● **PROVIDED DATA**:
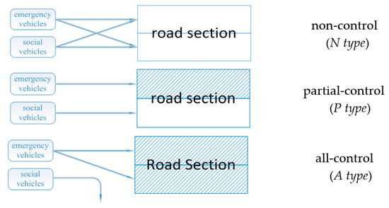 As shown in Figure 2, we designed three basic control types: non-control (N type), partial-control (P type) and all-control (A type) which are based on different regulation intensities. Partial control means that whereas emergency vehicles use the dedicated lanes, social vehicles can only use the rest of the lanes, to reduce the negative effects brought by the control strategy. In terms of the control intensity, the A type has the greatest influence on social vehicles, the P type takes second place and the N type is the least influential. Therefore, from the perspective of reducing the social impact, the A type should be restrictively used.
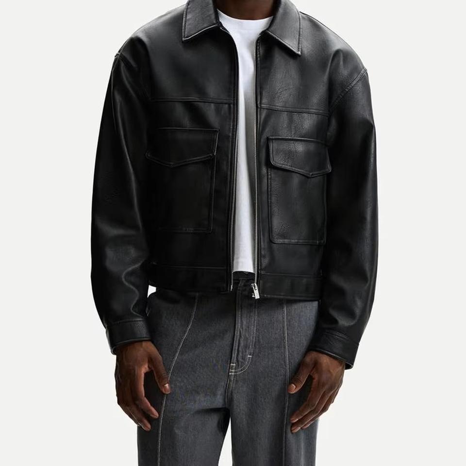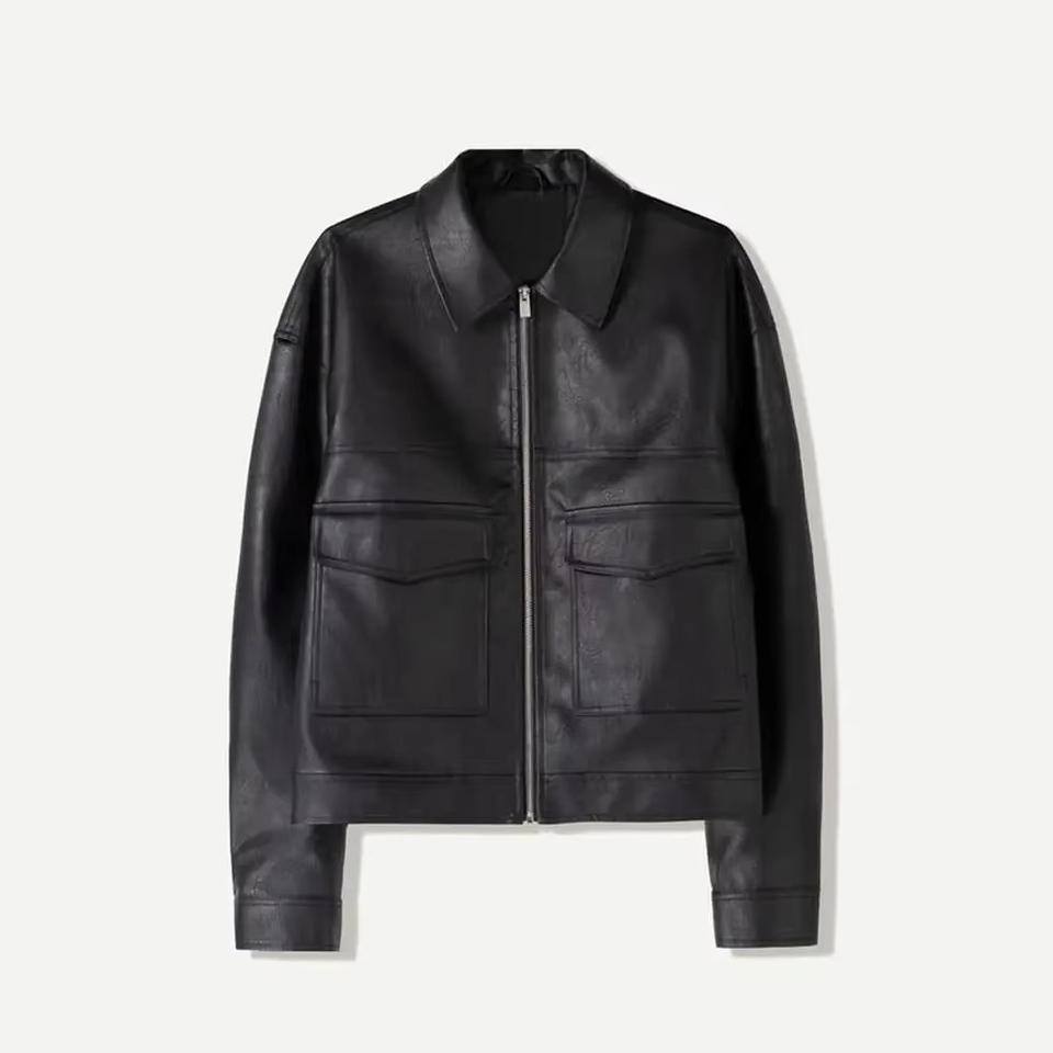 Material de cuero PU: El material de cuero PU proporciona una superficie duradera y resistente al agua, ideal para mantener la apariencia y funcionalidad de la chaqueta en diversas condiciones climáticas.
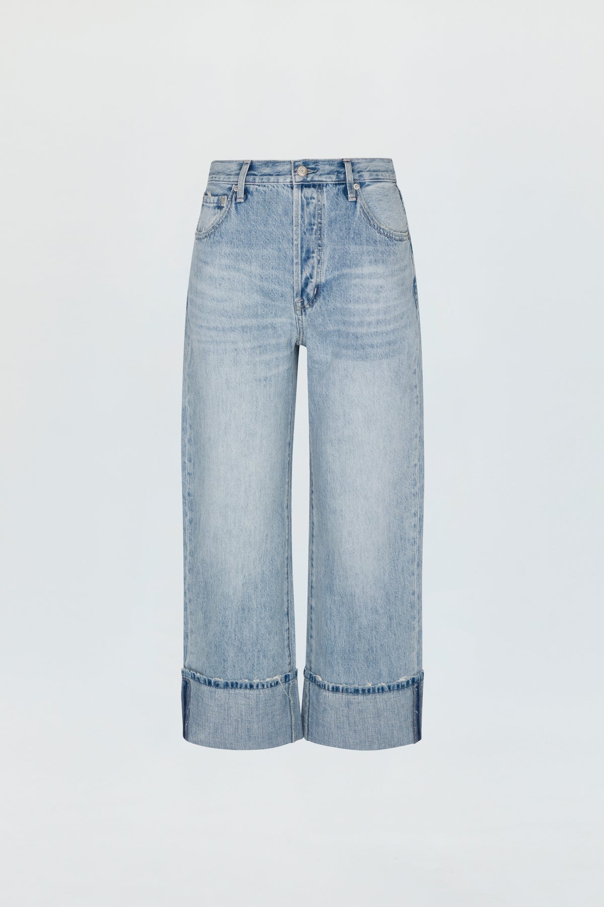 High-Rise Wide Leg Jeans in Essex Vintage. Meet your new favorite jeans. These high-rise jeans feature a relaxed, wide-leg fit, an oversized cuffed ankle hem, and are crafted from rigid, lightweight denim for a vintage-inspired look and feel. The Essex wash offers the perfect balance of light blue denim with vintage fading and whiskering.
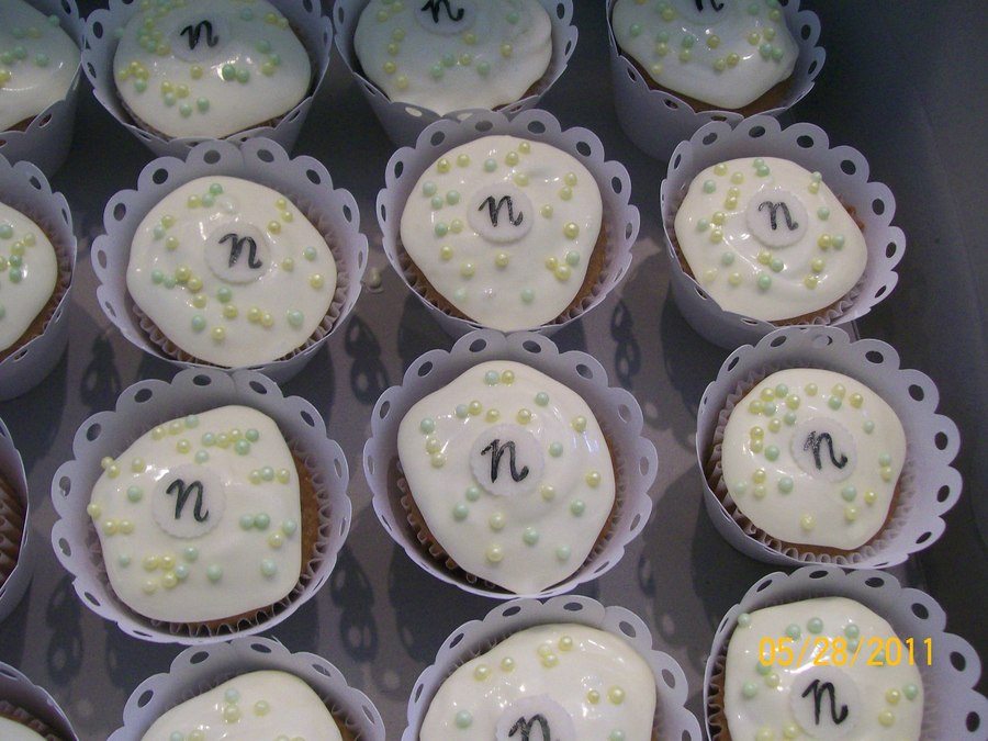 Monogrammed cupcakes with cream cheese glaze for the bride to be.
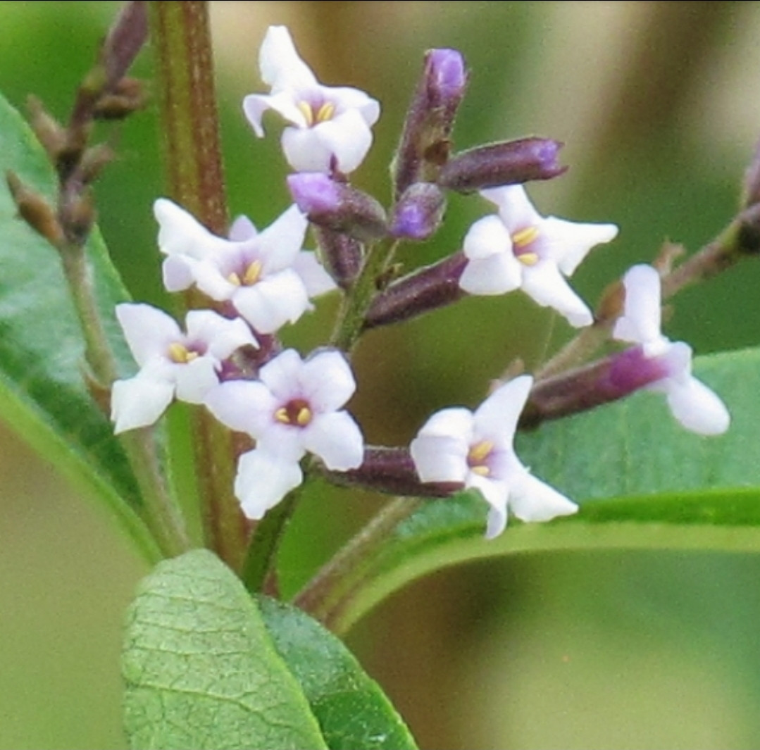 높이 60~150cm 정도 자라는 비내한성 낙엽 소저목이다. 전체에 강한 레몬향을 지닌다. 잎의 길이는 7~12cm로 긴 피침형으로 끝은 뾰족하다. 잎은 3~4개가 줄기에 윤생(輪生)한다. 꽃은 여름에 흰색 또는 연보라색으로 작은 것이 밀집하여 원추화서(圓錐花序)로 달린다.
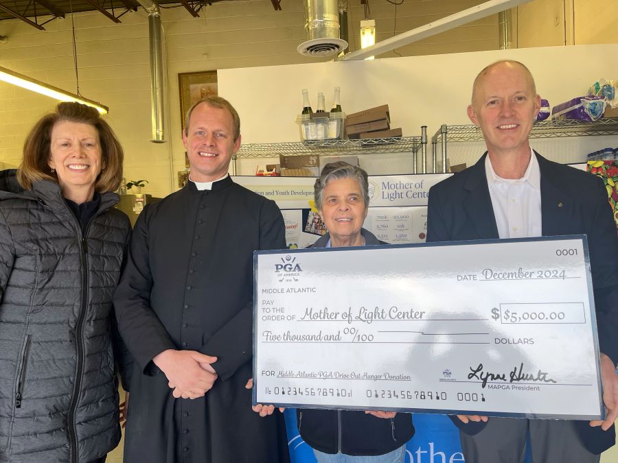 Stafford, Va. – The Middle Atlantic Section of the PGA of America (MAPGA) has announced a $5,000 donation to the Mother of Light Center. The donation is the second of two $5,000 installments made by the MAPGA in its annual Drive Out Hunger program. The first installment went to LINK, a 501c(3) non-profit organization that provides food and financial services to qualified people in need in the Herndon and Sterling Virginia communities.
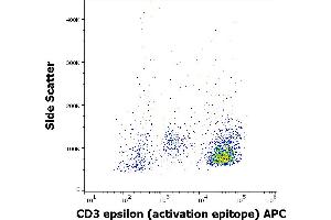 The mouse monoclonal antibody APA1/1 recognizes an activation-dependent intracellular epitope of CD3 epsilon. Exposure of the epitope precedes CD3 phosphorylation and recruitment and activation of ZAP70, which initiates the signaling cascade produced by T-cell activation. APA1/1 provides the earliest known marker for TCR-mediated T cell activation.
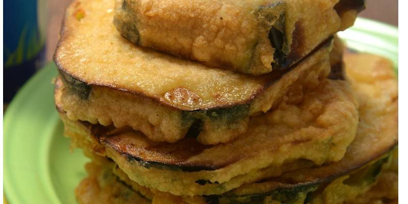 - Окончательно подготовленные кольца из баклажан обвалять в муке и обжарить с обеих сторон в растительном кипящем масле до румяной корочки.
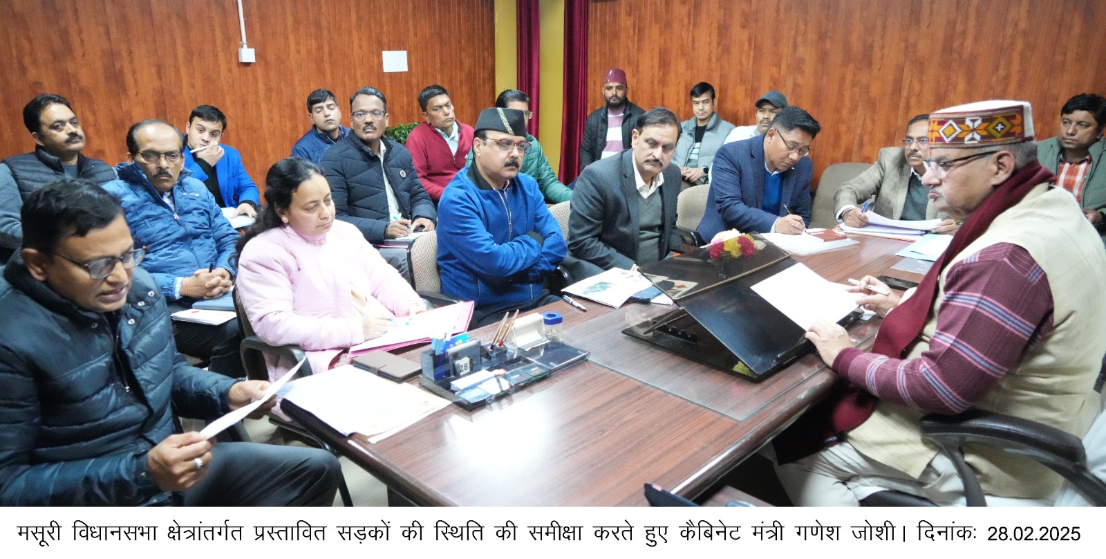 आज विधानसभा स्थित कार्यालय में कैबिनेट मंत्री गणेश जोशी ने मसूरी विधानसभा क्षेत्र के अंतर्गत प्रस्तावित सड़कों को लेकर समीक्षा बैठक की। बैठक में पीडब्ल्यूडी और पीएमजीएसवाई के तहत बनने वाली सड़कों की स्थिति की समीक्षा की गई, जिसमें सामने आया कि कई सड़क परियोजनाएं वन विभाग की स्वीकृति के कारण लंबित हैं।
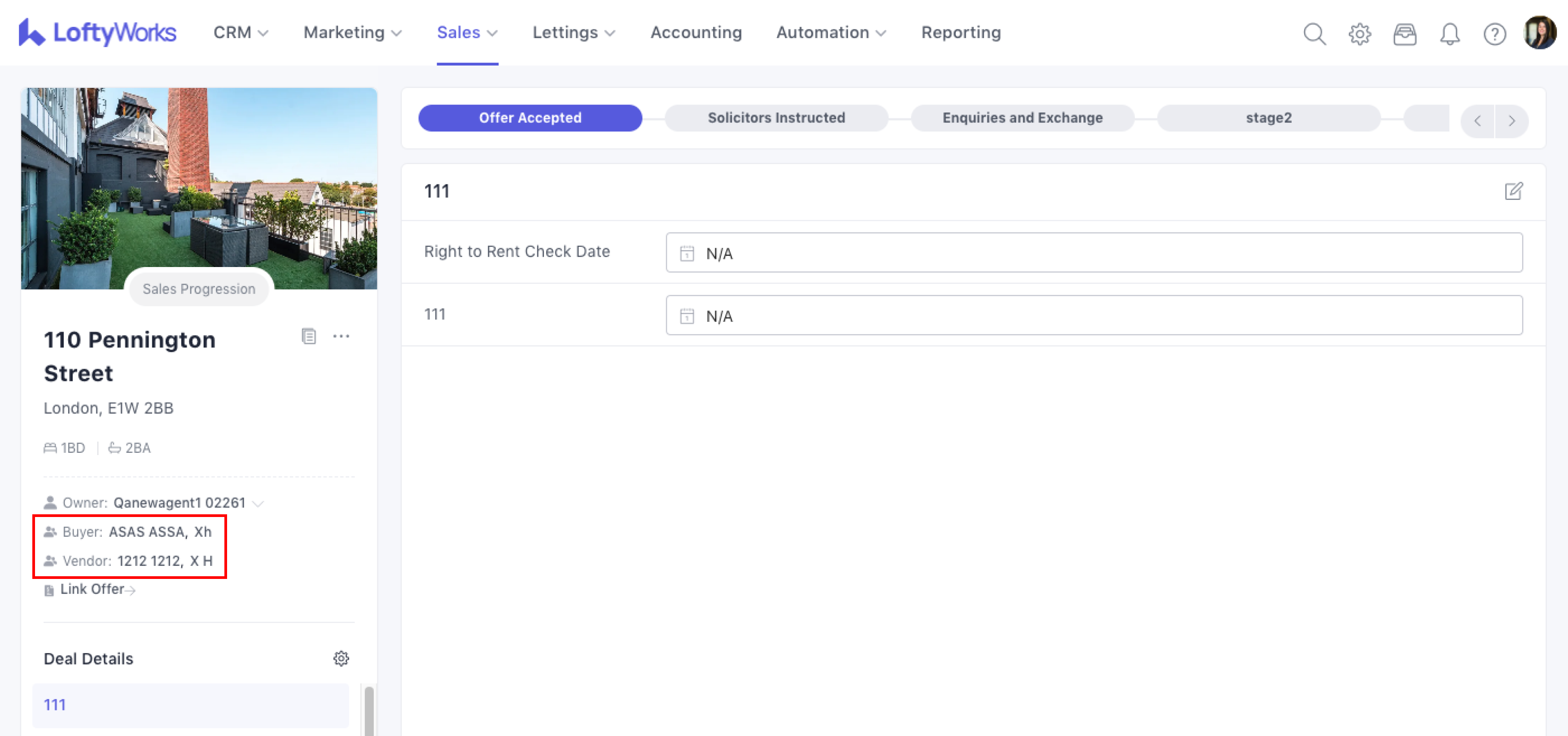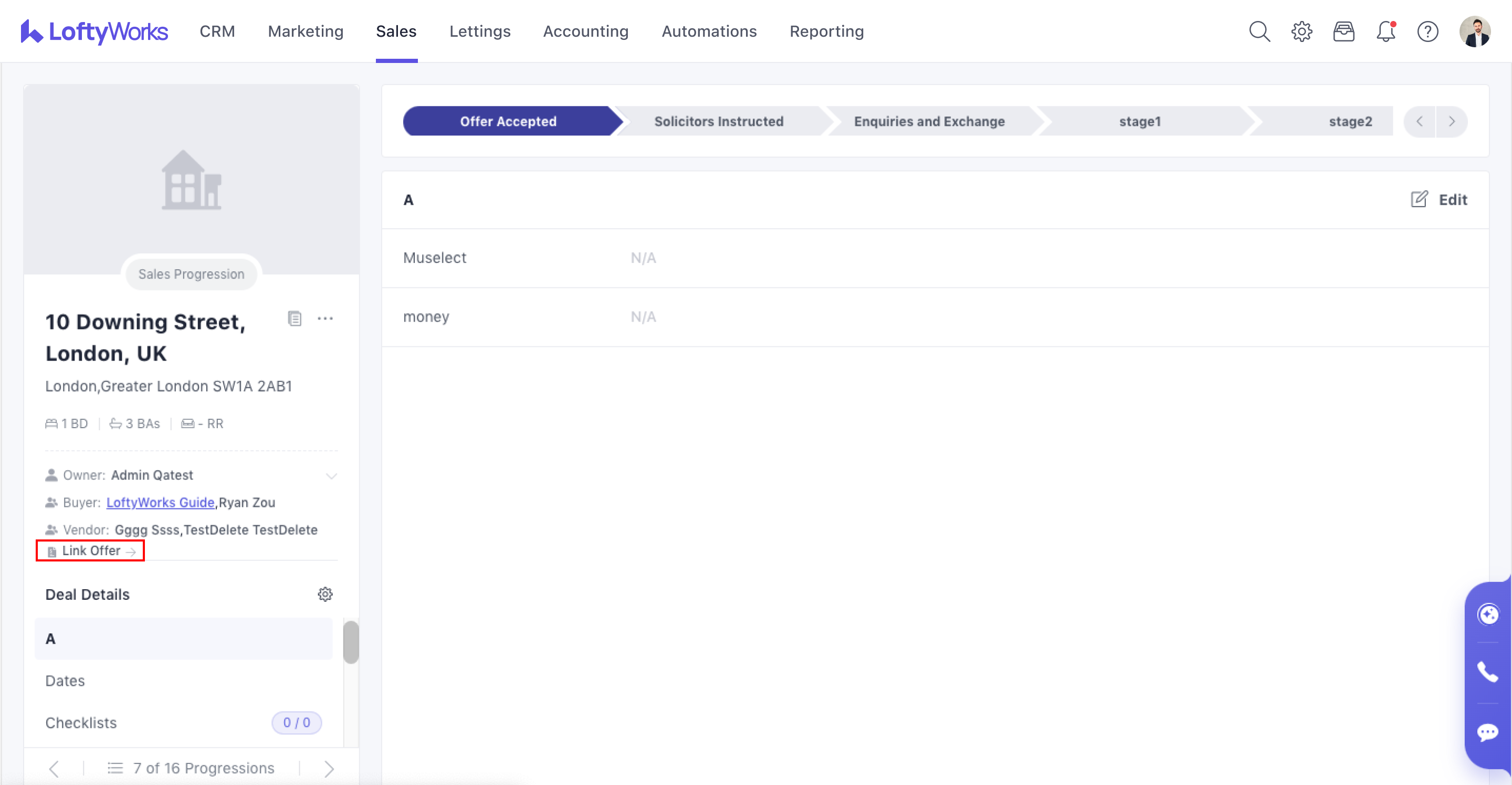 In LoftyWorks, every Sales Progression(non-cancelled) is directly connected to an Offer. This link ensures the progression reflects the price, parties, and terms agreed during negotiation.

● **YOUR ASSIGNMENT**: Retype only the lines above from the one with "High-Rise Wide Leg" through the one with "The mouse monoclonal", exactly and with both ends. Images stay out.

● **WRITTEN ANSWER**:
 High-Rise Wide Leg Jeans in Essex Vintage. Meet your new favorite jeans. These high-rise jeans feature a relaxed, wide-leg fit, an oversized cuffed ankle hem, and are crafted from rigid, lightweight denim for a vintage-inspired look and feel. The Essex wash offers the perfect balance of light blue denim with vintage fading and whiskering.
 Monogrammed cupcakes with cream cheese glaze for the bride to be.
 높이 60~150cm 정도 자라는 비내한성 낙엽 소저목이다. 전체에 강한 레몬향을 지닌다. 잎의 길이는 7~12cm로 긴 피침형으로 끝은 뾰족하다. 잎은 3~4개가 줄기에 윤생(輪生)한다. 꽃은 여름에 흰색 또는 연보라색으로 작은 것이 밀집하여 원추화서(圓錐花序)로 달린다.
 Stafford, Va. – The Middle Atlantic Section of the PGA of America (MAPGA) has announced a $5,000 donation to the Mother of Light Center. The donation is the second of two $5,000 installments made by the MAPGA in its annual Drive Out Hunger program. The first installment went to LINK, a 501c(3) non-profit organization that provides food and financial services to qualified people in need in the Herndon and Sterling Virginia communities.
 The mouse monoclonal antibody APA1/1 recognizes an activation-dependent intracellular epitope of CD3 epsilon. Exposure of the epitope precedes CD3 phosphorylation and recruitment and activation of ZAP70, which initiates the signaling cascade produced by T-cell activation. APA1/1 provides the earliest known marker for TCR-mediated T cell activation.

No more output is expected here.